Захер-Мазох эксплуатирует новую, варварскую версию мифа, достаточно обеспеченную варварством Австро-Венгерской империи и доведенную до совершенства варварством славянским. Вот чему следует поучиться у Захер-Мазоха – благодарности к вскормившей, пусть даже не особенно родной по крови земле. Через чуткость инородцев народы постигают собственную душу. Кормилицей Захер-Мазоха была украинская крестьянка, имя которой немецко-язычные источники передают как Handscha, а габитус описывают как «белокурая Юнона». Как же это перевести назад на украинский? Имя кажется вовсе не славянским, а абстрактно-диким. Мы не знаем собственных корней.

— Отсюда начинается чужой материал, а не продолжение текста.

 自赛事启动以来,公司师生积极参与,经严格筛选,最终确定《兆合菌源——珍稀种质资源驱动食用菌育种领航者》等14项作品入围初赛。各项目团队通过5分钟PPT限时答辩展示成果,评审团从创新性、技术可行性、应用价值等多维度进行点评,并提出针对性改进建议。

Вот в таких крупицах нам, славянам, нужно искать и постигать свою славянскую мифологию и душу, ибо ныне на территориях, духовно опустошенных понятно чем, от нее практически ничего не осталось. Если и найдется где-нибудь в глухой деревне древняя бабка зловещего вида, то и она, скорее всего, окажется бывшей комсомолкой, а не настоящей колдуньей. Во времена Захер-Мазоха и славянская магия, и славянское сопротивление христианству в самой неприглядной, уравнительной его ипостаси, были вполне еще живы.

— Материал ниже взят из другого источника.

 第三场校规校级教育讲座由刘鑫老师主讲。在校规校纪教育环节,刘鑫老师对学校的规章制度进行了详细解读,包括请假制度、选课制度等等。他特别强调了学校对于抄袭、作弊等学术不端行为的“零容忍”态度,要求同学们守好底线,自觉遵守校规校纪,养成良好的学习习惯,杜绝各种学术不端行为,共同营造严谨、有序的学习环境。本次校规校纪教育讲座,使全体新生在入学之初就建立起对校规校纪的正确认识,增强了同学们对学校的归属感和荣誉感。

В конечном итоге, все сводится к абсолютной бинарности монотеистических религий: божественное/человеческое, небесное/земное, духовное/телесное, без всяких промежуточных иерархий. Уточним: иерархии имеются и небесные (Серафимы, Херувимы, Престолы и пр.), и земные (разные ступени религиозности, вплоть до святости), но дистанция между небесным и земным преодолима разве что post mortem. Человек может совершенствоваться сам, приобретая все больше божественных черт, и может научиться видеть их в других – это настолько хорошо забытое старое, что Захер-Мазох практически становится его пророком, прекрасно отдавая себе в этом отчет.
Беда в том, что одновременно Захер-Мазох был современным человеком: боролся с антисемитизмом и – куда деться от духа времени? – поддерживал суфражисток. Но главная беда в том, что Захер-Мазох и стилистически тоже был современным человеком, т.е. писателем XIX века, в котором уже не оставалось игривой барочной порочности XVIII века и еще не было изящного декаданса XX. Эти книги слишком хорошо написаны и поэтому в наше время могут показаться скучными. Захер-Мазох – плодовитейший и многожанровый писатель, прекрасный стилист, которого привычно сравнивают с Тургеневым, но кто же сегодня читает Тургенева?
За столетие с лишним отношение к Захер-Мазоху в образованных кругах, может, и изменилось, но восприятие названного его именем явления стало еще более вульгарным. Мех облез, осталась одна шкура, да и та выродилась в резину. Можно было бы предположить, что имеет место еще один уровневый перехлест: с Олимпа – в звериное варварство, а из него – в варварство новосветское, к гевеям, к вящей новизне, но почему-то так предполагать не хочется. Какое отношение имеет весьма скучный и однообразный БДСМ-процесс к многотомному и насыщенному собранию сочинений – спросить не у кого. Какое отношение к роскошным дамам в мехах имеют плебейки в резине или, хуже того, обтягивающем черно-красном пластике – ответа тоже ждать не приходится. Если бы Захер-Мазох хотел одеть свою Венеру в каучук – у него были для этого, по крайней мере, теоретически, все возможности. Значит, не хотел. Никому не приходит в голову задуматься, понравились ли бы Захер-Мазоху процессы, связанные с его именем, но это не известно и в отношении более глобальных процессов и персонажей.
Общественное мнение усвоило: мазохизм – безобидное извращение, соответствующие салоны растут как грибы, хорошие домины очень ценятся и пишут, выйдя в тираж, мемуары.